Cruz studied it also, but his mind was elsewhere. More specifically his mind was weighing up how he was going to steal The Farm out from under Aspen’s gorgeous fingertips when he now knew the truth about that fateful night.
He took a healthy swig of his tequila. He’d been so sure she had done him wrong eight years ago he’d been blind to any other possibility. Tainted, he realised belatedly. Tainted by his own deep-seated feelings of inferiority and hurt pride.
Hell.
He couldn’t escape the knowledge that seeing Aspen again had unearthed a wealth of bitterness he hadn’t even realised he’d buried deep inside himself—resentments he’d let fester but that no longer seemed relevant.
What is relevant to you?
Hell, that woman had a way of working her way inside his head. But as much as he hated that he knew in good conscience he couldn’t take Ocean Haven away from her. He’d never be able to face himself in the mirror again if he did. But what to do? Because if he also let her continue with her foolhardy plan to borrow thirty million dollars to keep it she’d be bankrupt within a year.
Of course that wasn’t his problem. She was an adult and could take care of herself. But some of that old protectiveness he had always felt towards her was seeping back in and refused to go away. He wanted to fix everything for her, but she was so fiercely guarded, so intent on doing everything herself. It was madness. But so was the fact that he couldn’t stop thinking about her. That he even wanted to fix things for her in the first place.

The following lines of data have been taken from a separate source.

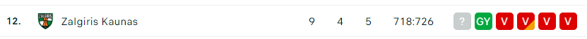 - A Zalgiris is felemásan játszik az idei szezonban. 4 GY és 5 V a mérleg, legutóbb egy rossz sorozatot tudtak lezárni a Bayern München elleni győzelemmel. A meccsen Keenan Evans az utolsó másodpercekben szerzett győztes pontokat! A litván csapatra elsődlegesen a harciasság, a küzdőszellem és az utolsó percig való koncentráció jellemzi. A Zalgirist soha nem szabad leírni, még akkor sem, ha kétszámjegyű hátrányban vannak, mert mindig van valaki, aki meccsben tartja a csapatot. Legtöbbször Keenan Evans az, kétségtelen, hogy ő a litván csapat legjobbja. Az Efes ellen 20 pontot szerzett, és ebből még 15-öt is a negyedik negyed utolsó 5 percében. A Zalgiris sokat fut ebben a szezonban és igyekszik gyorsítani a játékot, ami az Olympiakosz elleni meccs egyik kulcsa lehet, ahogyan fontos lesz a hárompontos kísérletek sikeressége is. A "zöldek" a liga legjobban dobó csapata, és 43%-os a csapat hárompontos statisztikájuk.
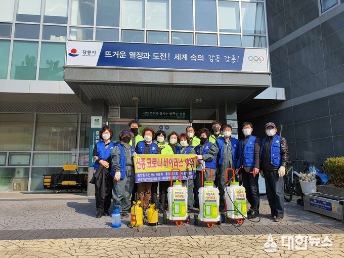 (대한뉴스 김기호 기자)=바르게살기운동 강릉시 중앙동위원회(회장 김건주, 여성회장 정춘자)는 16일(월) 10시에 코로나19 확산 예방을 위하여 관광객이 많이 찾는 월화거리 공공시설물과 인근 상가를 중심으로 자율방역활동을 실시하였다.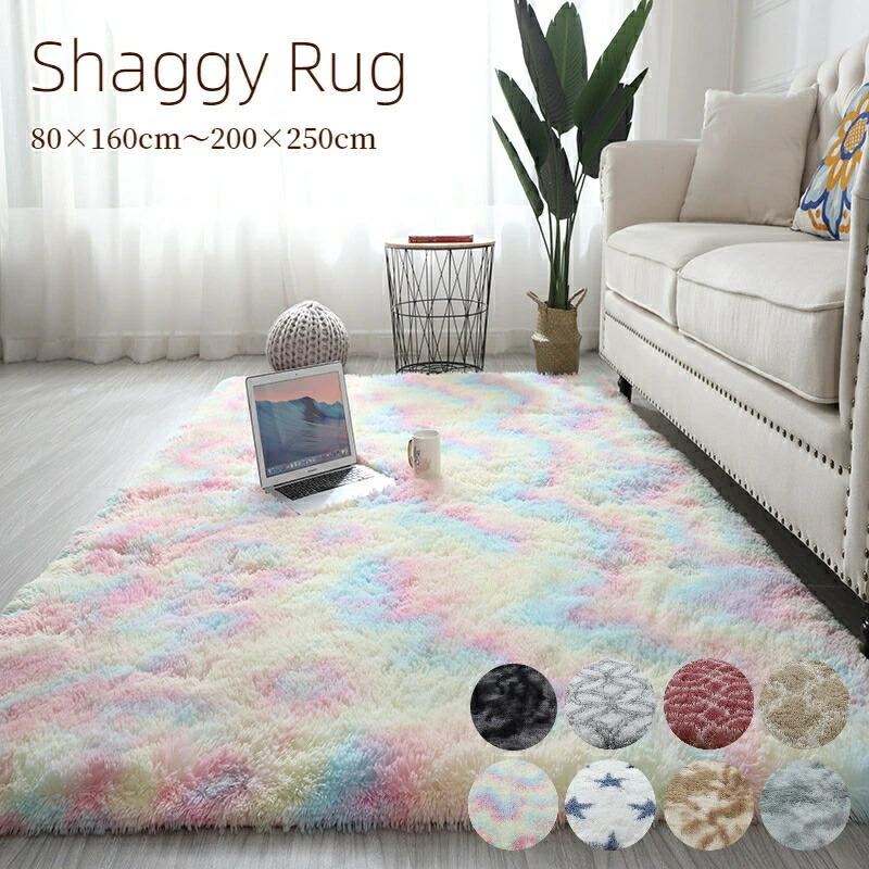 柔らかいシャギーラグマット レインボーカラー あずき色 ベージュ ライトグレー 星柄 ブラックグレーグレーグラデ カーキグラデ ブラックグレー 引っ越し祝い 新生活 贈り物 ギフト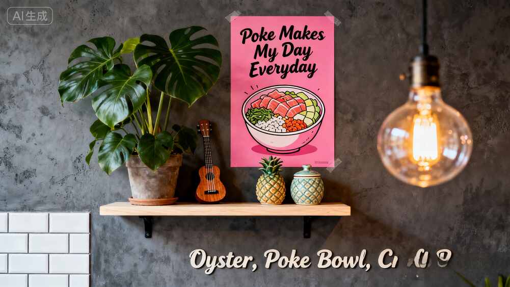 墻上那張海報才是靈魂所在!"Poke Makes My Day Everyday"這句話簡直寫到打工人心坎里了,配上誘人的波奇碗圖片,看著就讓人食欲大開。右上方那個復(fù)古燈泡更是點睛之筆,暖黃光線灑下來,連水泥墻都變得溫柔起來。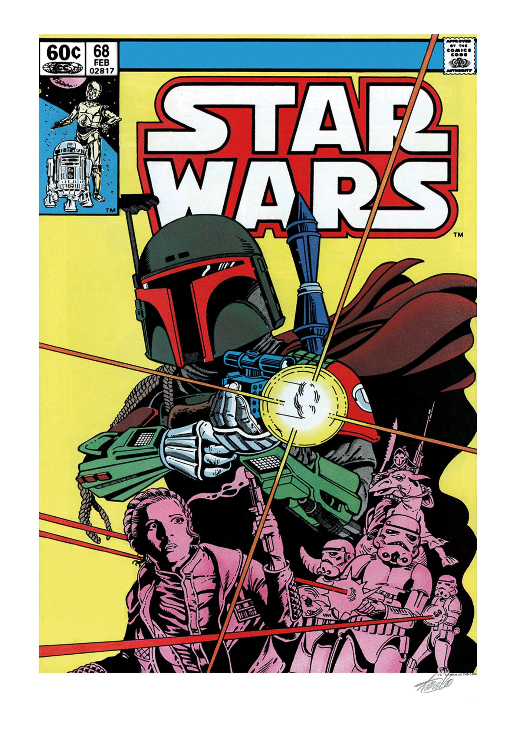 ABOUT THE IMAGE: In 2015, a limited edition portfolio of six Star Wars-themed fine art prints was released, each hand-signed by the legendary Stan Lee. These prints are significant art collectibles that fuse the world of Star Wars with Stan Lee’s iconic status as Editor in Chief of Marvel, the publisher of these very artworks. Printed on premium fine art paper, each piece measures approximately 24 by 16.5 inches and was produced in a standard edition of 295, with a smaller number of proofs also created.
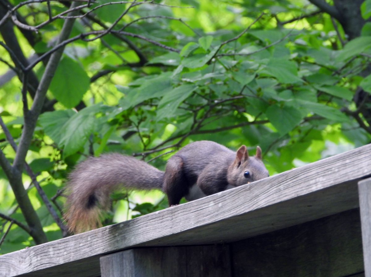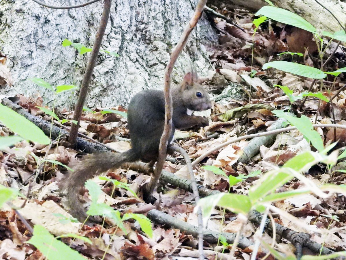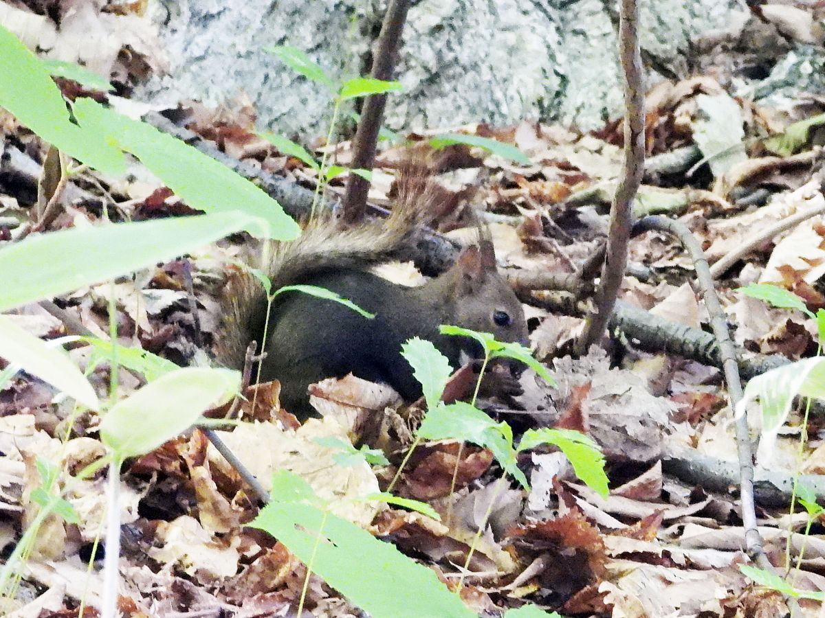 林の中の遊歩道で、エゾリスを撮影しました。(写真6〜9)。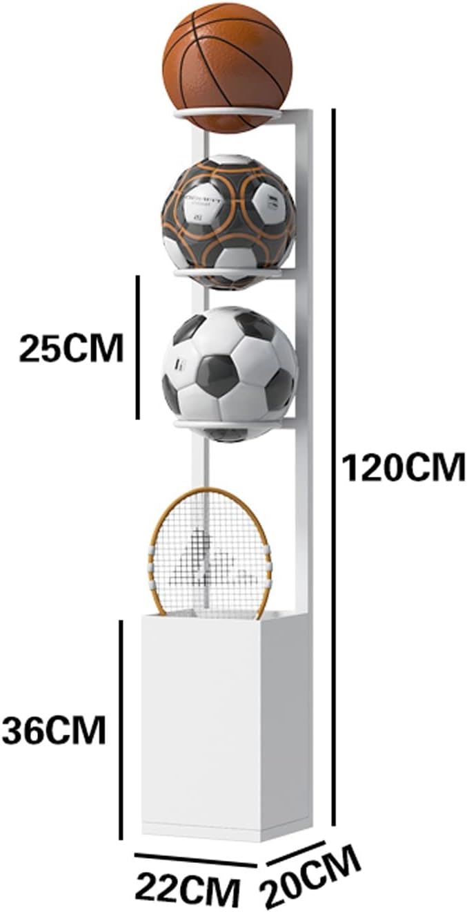 Heavy Duty Exercise Ball Pilates Balls Storage Organizer:Introducing our premium freestanding ball storage rack, expertly crafted from durable carbon steel. This robust material ensures exceptional strength and resistance to bending, scratching, and fading, making it an ideal choice for both home and commercial use. With its sleek black, gold, and white color options, this ball stand not only serves a functional purpose but also enhances the aesthetic appeal of your space.Whether you’re organizing sports equipment in a gym, keeping play areas tidy, or simply showcasing your favorite balls, this versatile storage solution is designed to meet your needs. Its spacious design accommodates multiple sizes, ensuring your balls are always within reach and ready for action.Specifications:- Material: Carbon Steel- Color Options: Black, Gold, White- Size Options: 90*22*20cm, 120*22*20cmPackage Includes:- 1 x Ball Storage RackElevate your organization with our freestanding ball storage rack, the perfect blend of style and functionality for any environment. Experience the convenience and durability that comes with quality craftsmanship.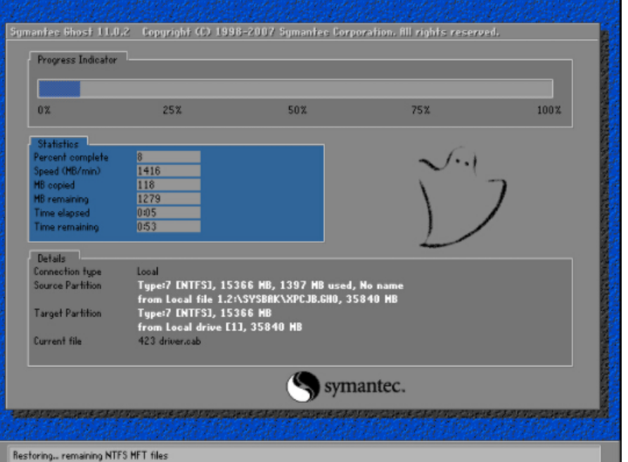 6、重啟電腦之后開始ghost還原系統鏡像。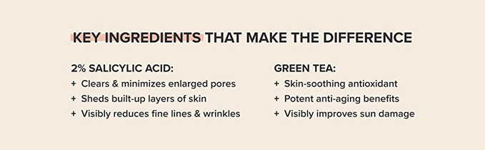 TARGET LARGE, CLOGGED PORES: 2% BHA (beta hydroxy acid or salicylic acid), gently unclogs & diminishes enlarged pores by shedding old, clogging buildup & dead skin cells.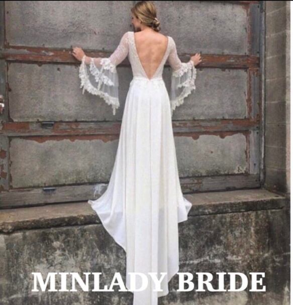 【新品】ボヘミアン BOHO 袖コンシャス ウェディングドレス 長袖ma281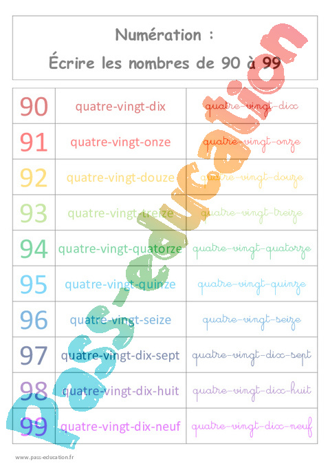 Ecrire les nombres de 90 à 99 – Affiche pour la classe – Cp – Cycle 2 pdf

Realising that Ricardo was waiting for him to say something, Cruz nodded t
houghtfully. ‘Sam Harris is playing tomorrow. Got it.’
‘Actually,’ Ricardo said patiently, ‘Sam Harris is sick. Tommy Hassenberger is taking his place.’
‘Send Sam a bottle of tequila.’
‘I already sent flowers.’
Cruz shook his head at his brother. ‘And you think you need a wife?’
Normally his brother would have returned his light ribbing, but to Cruz’s chagrin he didn’t this time.
‘What’s up?’ he said instead.
Cruz rubbed his jaw and realised he should have shaved again. ‘Nothing.’
‘You’re a million miles away. It wouldn’t have anything to do with Aspen Carmichael, would it?’
Bingo.
‘If I say no, you’ll assume I’m lying, and if I say yes, you’ll want to know why.’
Ricardo shook his head and laughed. ‘Dios mio, you’ve got it bad.’
Cruz dismissed Ricardo’s comment. He wanted her badly, yes, and he was happy to admit that, but he didn’t have it bad in the way his brother was implying.
A hush fell over the bar at the same time as the skin on the back of his neck started to prickle. Then Ricardo let out a low whistle under his breath.
‘Mi, oh, mi....’
Slowly Cruz turned his head to find Aspen framed in the open double glass doorway of the bar like something out of a 1950s Hollywood extravaganza, the silky green gown he’d bought her flowing around her slender figure like coloured water. His mouth went dry. The halterneck dress was deceptively simple at the front but so beautifully crafted it lovingly moulded to her shape exactly as it was supposed to. She’d pinned her hair up in a soft, timeless bun—which must mean she had a fair amount of skin showing, as he was pretty sure the dress dipped quite low at the back.
Okay, make that completely backless, he corrected, fighting a primitive urge to bundle her up in his arms and return her to his room. His bed.
She hadn’t spotted him yet, and when a male voice called out her name Cruz watched her turn her head, the wispy tendrils of hair she had left to frame her face dancing golden beneath the halogen lighting. Her expression softened as she spied a few of his polo players lounging in the club chairs that circled a small wooden table.